* [WORKING DATA]
____

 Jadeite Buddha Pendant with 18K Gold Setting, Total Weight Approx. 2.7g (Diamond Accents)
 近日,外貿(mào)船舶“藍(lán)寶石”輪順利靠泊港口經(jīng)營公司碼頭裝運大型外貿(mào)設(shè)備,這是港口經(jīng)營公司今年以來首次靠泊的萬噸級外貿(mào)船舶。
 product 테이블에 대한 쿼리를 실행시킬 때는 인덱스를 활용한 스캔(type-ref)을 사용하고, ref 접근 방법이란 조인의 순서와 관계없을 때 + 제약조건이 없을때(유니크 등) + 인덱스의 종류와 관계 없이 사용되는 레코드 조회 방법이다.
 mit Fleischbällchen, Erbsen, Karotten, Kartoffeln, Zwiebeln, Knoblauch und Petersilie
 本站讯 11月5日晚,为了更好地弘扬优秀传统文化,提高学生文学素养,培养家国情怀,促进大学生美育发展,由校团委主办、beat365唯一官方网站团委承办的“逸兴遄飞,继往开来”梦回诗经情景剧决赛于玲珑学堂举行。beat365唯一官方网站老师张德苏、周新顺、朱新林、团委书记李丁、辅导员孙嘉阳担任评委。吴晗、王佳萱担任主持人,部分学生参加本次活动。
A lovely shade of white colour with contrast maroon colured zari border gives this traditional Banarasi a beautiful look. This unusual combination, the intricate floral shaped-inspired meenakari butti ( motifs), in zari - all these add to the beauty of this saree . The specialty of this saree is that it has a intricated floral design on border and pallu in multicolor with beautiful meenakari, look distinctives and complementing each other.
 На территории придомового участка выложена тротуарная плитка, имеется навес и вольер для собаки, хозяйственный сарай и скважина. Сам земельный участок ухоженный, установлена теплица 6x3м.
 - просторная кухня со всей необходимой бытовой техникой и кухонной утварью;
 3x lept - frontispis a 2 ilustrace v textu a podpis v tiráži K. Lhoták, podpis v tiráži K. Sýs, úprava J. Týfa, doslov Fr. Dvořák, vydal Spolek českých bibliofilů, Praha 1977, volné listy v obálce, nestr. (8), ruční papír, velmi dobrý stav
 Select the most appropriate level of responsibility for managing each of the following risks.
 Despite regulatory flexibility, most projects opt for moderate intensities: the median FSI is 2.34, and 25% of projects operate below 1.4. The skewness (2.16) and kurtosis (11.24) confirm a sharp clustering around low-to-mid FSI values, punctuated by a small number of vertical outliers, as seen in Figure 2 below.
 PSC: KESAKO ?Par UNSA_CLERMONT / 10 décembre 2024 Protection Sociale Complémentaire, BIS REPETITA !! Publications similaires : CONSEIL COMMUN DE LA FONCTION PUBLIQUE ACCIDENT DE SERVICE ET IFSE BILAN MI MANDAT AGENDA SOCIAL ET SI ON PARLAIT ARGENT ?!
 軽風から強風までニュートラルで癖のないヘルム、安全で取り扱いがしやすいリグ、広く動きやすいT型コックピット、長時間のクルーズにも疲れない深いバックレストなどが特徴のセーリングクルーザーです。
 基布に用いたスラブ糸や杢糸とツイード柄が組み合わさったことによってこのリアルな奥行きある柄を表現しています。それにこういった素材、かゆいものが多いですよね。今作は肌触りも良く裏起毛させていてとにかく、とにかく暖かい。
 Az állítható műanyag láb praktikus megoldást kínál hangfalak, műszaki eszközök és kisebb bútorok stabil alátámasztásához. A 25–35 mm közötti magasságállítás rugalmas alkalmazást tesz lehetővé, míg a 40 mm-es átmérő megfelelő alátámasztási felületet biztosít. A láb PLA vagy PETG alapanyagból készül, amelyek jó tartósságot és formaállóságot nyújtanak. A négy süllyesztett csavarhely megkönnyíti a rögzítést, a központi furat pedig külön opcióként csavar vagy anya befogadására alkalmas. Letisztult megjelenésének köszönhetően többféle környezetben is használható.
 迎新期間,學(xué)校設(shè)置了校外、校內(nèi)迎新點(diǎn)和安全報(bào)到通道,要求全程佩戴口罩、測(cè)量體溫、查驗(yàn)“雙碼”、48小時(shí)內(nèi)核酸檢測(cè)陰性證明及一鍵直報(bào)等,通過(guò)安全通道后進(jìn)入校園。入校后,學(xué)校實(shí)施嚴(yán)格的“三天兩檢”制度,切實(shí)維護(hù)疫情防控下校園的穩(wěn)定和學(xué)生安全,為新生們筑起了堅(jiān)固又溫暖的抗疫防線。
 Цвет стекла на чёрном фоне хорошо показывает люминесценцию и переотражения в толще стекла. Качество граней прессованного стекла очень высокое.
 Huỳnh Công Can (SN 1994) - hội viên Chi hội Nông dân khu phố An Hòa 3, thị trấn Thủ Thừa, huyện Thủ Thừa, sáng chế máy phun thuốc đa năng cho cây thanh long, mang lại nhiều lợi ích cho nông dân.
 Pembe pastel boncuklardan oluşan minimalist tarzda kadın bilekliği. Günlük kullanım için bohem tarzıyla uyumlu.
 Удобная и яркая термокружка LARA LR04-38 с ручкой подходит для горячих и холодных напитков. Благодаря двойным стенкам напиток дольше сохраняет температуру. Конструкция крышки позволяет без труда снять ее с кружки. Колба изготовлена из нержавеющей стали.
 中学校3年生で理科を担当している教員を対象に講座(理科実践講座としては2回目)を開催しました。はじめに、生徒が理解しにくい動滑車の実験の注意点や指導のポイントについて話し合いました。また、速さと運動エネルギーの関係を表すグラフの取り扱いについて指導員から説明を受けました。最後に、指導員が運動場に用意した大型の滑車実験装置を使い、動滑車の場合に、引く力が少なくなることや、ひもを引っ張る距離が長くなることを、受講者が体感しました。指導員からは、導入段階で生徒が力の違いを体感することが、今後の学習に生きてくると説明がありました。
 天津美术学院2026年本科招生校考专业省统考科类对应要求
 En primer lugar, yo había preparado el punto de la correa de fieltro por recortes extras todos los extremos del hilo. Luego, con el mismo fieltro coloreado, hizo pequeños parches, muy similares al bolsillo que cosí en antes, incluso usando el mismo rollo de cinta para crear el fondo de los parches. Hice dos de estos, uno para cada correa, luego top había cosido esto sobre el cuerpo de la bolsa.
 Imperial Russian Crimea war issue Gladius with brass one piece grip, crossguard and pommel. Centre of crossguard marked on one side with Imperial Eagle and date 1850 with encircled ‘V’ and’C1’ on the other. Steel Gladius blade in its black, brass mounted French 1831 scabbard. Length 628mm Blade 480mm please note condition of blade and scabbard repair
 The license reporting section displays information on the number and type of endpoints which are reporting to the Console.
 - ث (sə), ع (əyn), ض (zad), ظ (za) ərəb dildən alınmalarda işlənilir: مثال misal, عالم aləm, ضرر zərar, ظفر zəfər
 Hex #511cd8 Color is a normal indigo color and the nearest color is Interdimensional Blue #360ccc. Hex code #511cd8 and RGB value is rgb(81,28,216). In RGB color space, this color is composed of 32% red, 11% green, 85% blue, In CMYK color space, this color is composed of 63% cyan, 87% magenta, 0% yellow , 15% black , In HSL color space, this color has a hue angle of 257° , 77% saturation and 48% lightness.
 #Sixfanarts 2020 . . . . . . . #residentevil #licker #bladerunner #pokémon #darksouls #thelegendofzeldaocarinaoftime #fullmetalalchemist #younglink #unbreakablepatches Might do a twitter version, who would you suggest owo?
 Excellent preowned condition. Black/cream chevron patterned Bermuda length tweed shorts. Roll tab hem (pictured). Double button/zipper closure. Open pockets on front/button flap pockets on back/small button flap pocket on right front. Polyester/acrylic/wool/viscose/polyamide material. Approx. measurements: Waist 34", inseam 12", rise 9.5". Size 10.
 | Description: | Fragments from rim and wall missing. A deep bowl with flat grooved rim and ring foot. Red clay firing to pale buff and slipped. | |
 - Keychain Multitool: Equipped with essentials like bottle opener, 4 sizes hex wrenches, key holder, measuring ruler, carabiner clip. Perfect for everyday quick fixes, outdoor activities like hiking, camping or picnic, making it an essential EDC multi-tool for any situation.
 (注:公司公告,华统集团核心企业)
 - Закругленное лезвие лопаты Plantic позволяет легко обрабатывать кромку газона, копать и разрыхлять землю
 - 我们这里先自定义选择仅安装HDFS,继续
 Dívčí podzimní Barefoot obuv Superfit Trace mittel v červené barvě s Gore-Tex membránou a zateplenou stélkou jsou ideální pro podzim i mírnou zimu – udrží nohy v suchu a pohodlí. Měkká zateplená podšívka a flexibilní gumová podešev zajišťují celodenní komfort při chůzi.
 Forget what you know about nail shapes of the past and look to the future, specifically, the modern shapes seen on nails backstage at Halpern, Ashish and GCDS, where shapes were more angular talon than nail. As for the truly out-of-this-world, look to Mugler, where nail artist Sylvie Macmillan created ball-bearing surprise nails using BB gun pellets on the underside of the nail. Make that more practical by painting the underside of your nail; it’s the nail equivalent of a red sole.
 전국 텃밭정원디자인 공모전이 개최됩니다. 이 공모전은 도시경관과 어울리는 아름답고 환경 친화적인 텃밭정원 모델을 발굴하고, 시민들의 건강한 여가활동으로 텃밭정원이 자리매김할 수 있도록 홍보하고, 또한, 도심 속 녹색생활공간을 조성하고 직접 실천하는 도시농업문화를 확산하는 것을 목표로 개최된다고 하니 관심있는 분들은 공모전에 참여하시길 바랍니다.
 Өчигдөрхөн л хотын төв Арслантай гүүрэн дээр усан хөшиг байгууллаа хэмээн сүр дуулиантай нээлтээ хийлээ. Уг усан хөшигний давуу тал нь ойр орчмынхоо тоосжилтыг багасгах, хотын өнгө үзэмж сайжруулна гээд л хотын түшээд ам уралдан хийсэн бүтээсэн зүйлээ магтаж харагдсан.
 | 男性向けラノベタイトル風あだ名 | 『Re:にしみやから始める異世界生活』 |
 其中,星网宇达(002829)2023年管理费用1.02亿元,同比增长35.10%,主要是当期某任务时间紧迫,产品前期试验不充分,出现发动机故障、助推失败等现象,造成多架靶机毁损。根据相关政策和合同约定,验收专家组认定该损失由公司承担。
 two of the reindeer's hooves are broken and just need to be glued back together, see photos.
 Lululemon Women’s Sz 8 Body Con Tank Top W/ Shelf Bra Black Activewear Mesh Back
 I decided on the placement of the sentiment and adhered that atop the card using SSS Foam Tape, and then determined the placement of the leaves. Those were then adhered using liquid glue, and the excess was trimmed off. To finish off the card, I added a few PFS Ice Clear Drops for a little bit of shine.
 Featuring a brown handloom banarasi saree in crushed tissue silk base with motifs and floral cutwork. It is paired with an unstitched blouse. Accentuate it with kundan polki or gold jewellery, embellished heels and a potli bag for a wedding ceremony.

____

* [WHAT YOU HAVE TO DO]
In the listing above, please copy exactly the lines from the first through the one that contains "- просторная кухня", and no others.

* [THE ANSWER]
 Jadeite Buddha Pendant with 18K Gold Setting, Total Weight Approx. 2.7g (Diamond Accents)
 近日,外貿(mào)船舶“藍(lán)寶石”輪順利靠泊港口經(jīng)營公司碼頭裝運大型外貿(mào)設(shè)備,這是港口經(jīng)營公司今年以來首次靠泊的萬噸級外貿(mào)船舶。
 product 테이블에 대한 쿼리를 실행시킬 때는 인덱스를 활용한 스캔(type-ref)을 사용하고, ref 접근 방법이란 조인의 순서와 관계없을 때 + 제약조건이 없을때(유니크 등) + 인덱스의 종류와 관계 없이 사용되는 레코드 조회 방법이다.
 mit Fleischbällchen, Erbsen, Karotten, Kartoffeln, Zwiebeln, Knoblauch und Petersilie
 本站讯 11月5日晚,为了更好地弘扬优秀传统文化,提高学生文学素养,培养家国情怀,促进大学生美育发展,由校团委主办、beat365唯一官方网站团委承办的“逸兴遄飞,继往开来”梦回诗经情景剧决赛于玲珑学堂举行。beat365唯一官方网站老师张德苏、周新顺、朱新林、团委书记李丁、辅导员孙嘉阳担任评委。吴晗、王佳萱担任主持人,部分学生参加本次活动。
A lovely shade of white colour with contrast maroon colured zari border gives this traditional Banarasi a beautiful look. This unusual combination, the intricate floral shaped-inspired meenakari butti ( motifs), in zari - all these add to the beauty of this saree . The specialty of this saree is that it has a intricated floral design on border and pallu in multicolor with beautiful meenakari, look distinctives and complementing each other.
 На территории придомового участка выложена тротуарная плитка, имеется навес и вольер для собаки, хозяйственный сарай и скважина. Сам земельный участок ухоженный, установлена теплица 6x3м.
 - просторная кухня со всей необходимой бытовой техникой и кухонной утварью;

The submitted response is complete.